**Exercise prompt**
Once the line containing "Утепленное стеганое пальто с капюшоном" is found in the data below, repeat it and every later line exactly, leaving the pictures out.

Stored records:
-- Opening Marker --
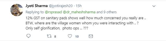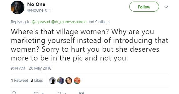 तस्वीर में रविशंकर के साथ केंद्रीय मंत्री महेश शर्मा सहयोगियों के साथ बैठे दिखे, जबकि कोई महिला साथ नहीं थी, जिनके साथ संवाद का दावा किया गया था। इस परसोशल मीडिया यूजर्स ने ट्रोल करना शुरू कर दिया।यशस्वी नामक ट्विटर यूजर ने लिखा-आपने उन महिलाओं को कहां छुपा रखा है महराज। नो वन नामक ट्विटर हैंडल ने कहा-गांव की महिलाएं कहां हैं, आप गांव की महिलाओं का परिचय कराने की जगह अपनी मार्केटिंग क्यों कर रहे हैं, माफ करिएगा महिलाएं तस्वीर में शामिल होने की ज्यादा हकदार हैं। ज्योति शर्मा ने लिखा-सैनिटरी नैपकिन पर 12 प्रतिशत जीएसटी दिखाता है कि आप इसको लेकर कितना गंभीर हैं, फिर भी कहां हैं वे महिलाएं, जिनसे आपने संवाद किया।
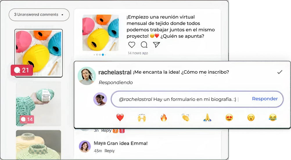 - Gestionamos tus interacciones con clientes en redes sociales respetando el tono de tu marca.
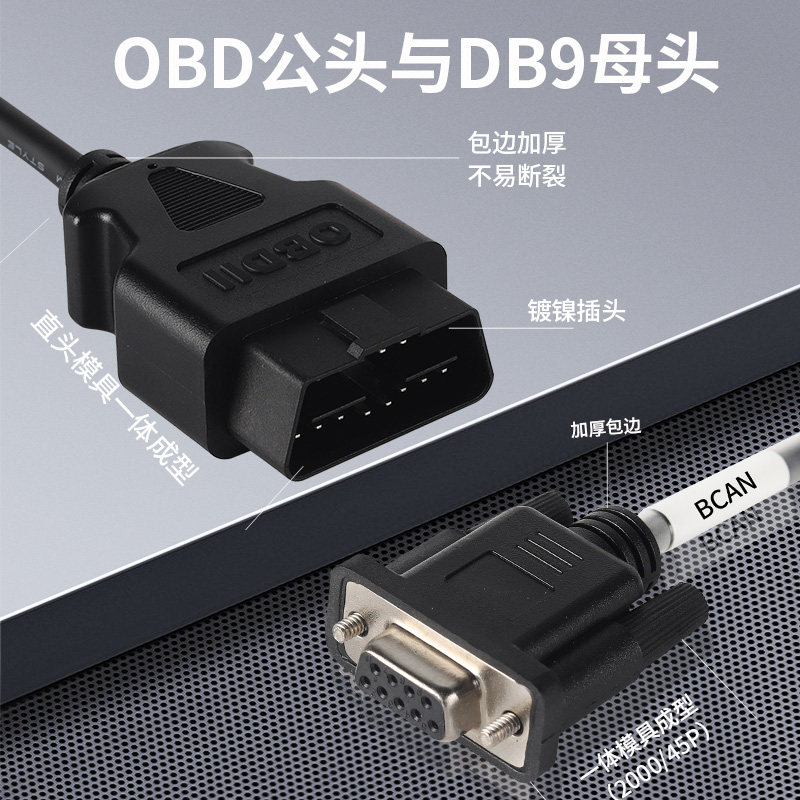 汽车OBD2公头转4个DB9PIN母头接口RS23 OBD网关连接线双绞信号好
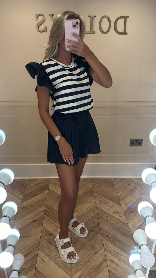 Sold outStripe ruffle short set
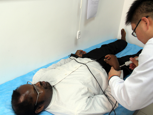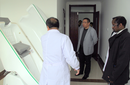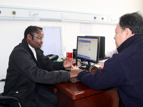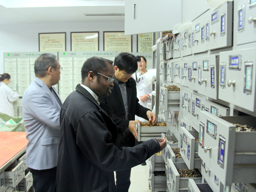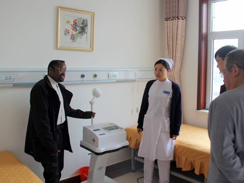 医院田建军院长携干部职工热情接待了迪亚拉博士和文博老师,向他们介绍了医院基本情况和中医药养生文化开展情况,先后参观了中医治未病中心、中药房、制剂室、中医综合治疗区、名医堂及内科三病区(脾胃病、肿瘤)等区域。在中医治未病中心,他们亲身体验了现代化的中医经络测评,对蜡疗、茶疗及音乐疗法表现出浓厚兴趣。并对医院传承和发扬中医药文化,将现代科技与传统疗法完美结合推广中医养生文化赞不绝口。
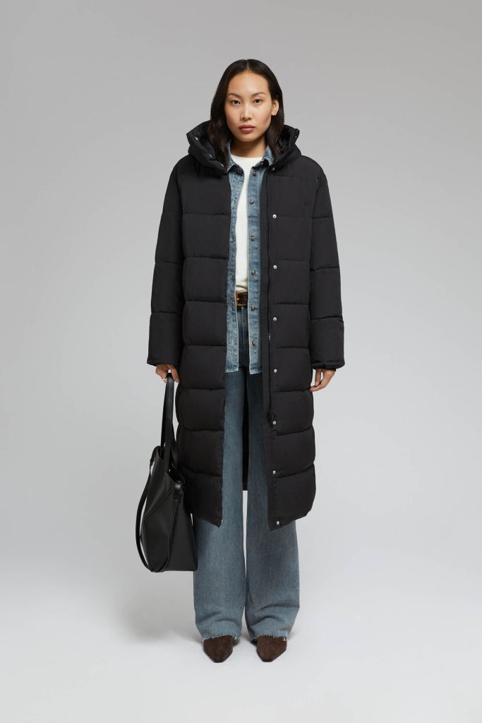 Утепленное стеганое пальто с капюшоном
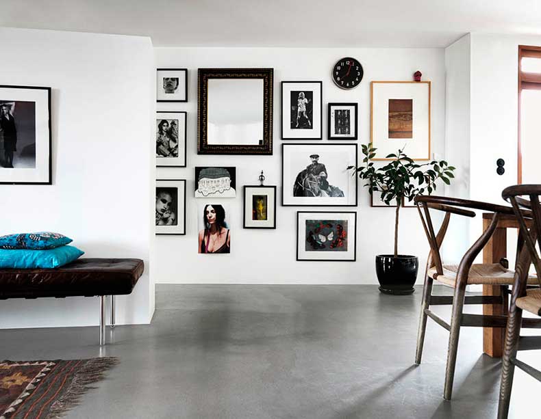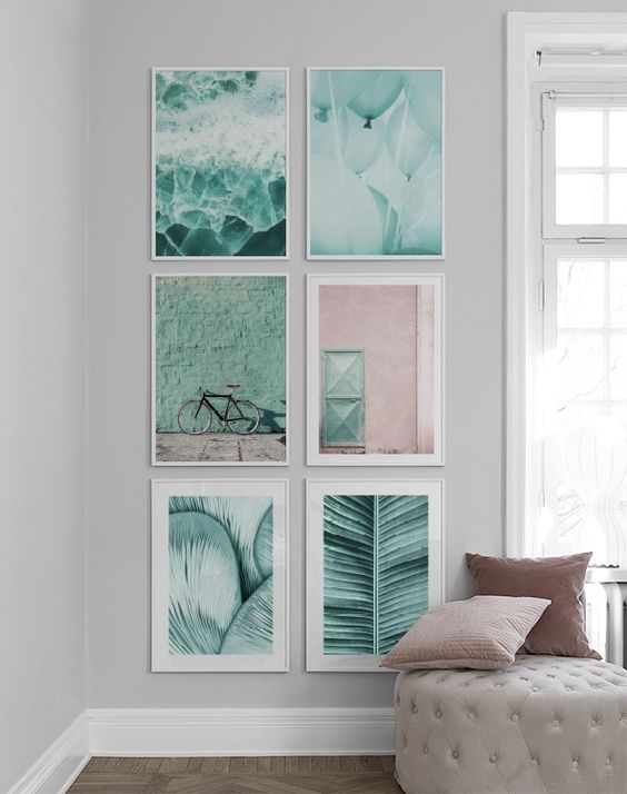 Lo ideal es usar colores que contrasten con tu espacio y en conjunto generen armonía. La idea es que esa pared llena de arte, se convierta en un punto focal. Evita colgar las obras más oscuras juntas, es mejor que las alternes con las claras.
-- Closing Marker --
**Response box**
 Утепленное стеганое пальто с капюшоном
 Lo ideal es usar colores que contrasten con tu espacio y en conjunto generen armonía. La idea es que esa pared llena de arte, se convierta en un punto focal. Evita colgar las obras más oscuras juntas, es mejor que las alternes con las claras.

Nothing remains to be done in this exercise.